The deposit was made under the provisions of the Budapest Treaty on the International Recognition of the Deposit of Microorganisms for the Purpose of Patent Procedure and the Regulations thereunder (Budapest Treaty). This assures maintenance of a viable culture of the deposit for 30 years from the date of deposit. The deposit will be made available by ATCC under the terms of the Budapest Treaty, and is subject to an agreement between Genentech, Inc. and ATCC, which assures permanent and unrestricted availability of the progeny of the culture of the deposit to the public upon issuance of the pertinent U.S. patent or upon laying open to the public of any U.S. or foreign patent application, whichever comes first, and assures availability of the progeny to one determined by the U.S. Commissioner of Patents and Trademarks to be entitled thereto according to 35 USC §122 and the Commissioner's rules pursuant thereto (including 37 CFR §1.14 with particular reference to 886 OG 638).[0275]

The assignee of the present application has agreed that if a culture of the materials on deposit should die or be lost or destroyed when cultivated under suitable conditions, the materials will be promptly replaced on notification with another of the same. Availability of the deposited material is not to be construed as a license to practice the invention in contravention of the rights granted under the authority of any government in accordance with its patent laws.[0276]

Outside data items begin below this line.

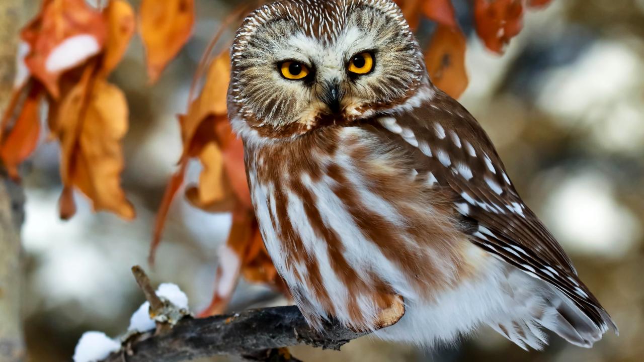Wallpaper Beautiful big owl with yellow eyes sitting on a branch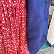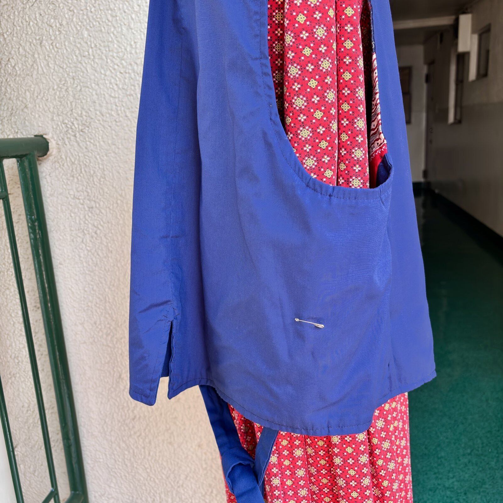 両サイドのリボン紐の途中の箇所に内側から安全ピンで留められており、安全ピンは取り外しが可能です。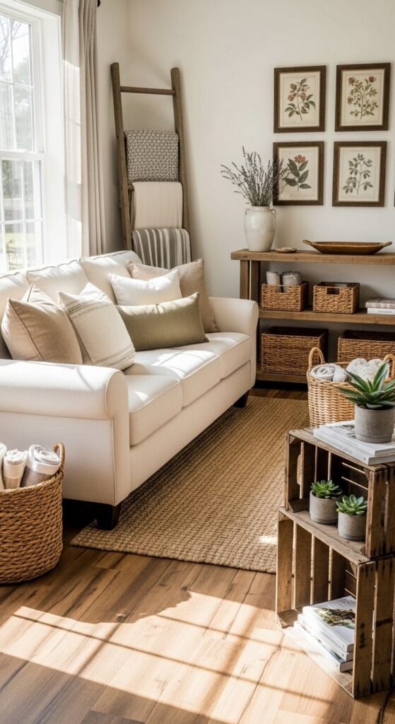 Farmhouse rooms look relaxed because clutter is tucked away. Storage doubles as decor here. Woven baskets slide under tables or benches and hide toys, throws, or magazines.

The foregoing written specification is considered to be sufficient to enable one skilled in the art to practice the invention. The present invention is not to be limited in scope by the construct deposited, since the deposited embodiment is intended as a single illustration of certain aspects of the invention and any constructs that are functionally equivalent are within the scope of this invention. The deposit of material herein does not constitute an admission that the written description herein contained is inadequate to enable the practice of any aspect of the invention, including the best mode thereof, nor is it to be construed as limiting the scope of the claims to the specific illustrations that it represents. Indeed, various modifications of the invention in addition to those shown and described herein will become apparent to those skilled in the art from the foregoing description and fall within the scope of the appended claims.[0277]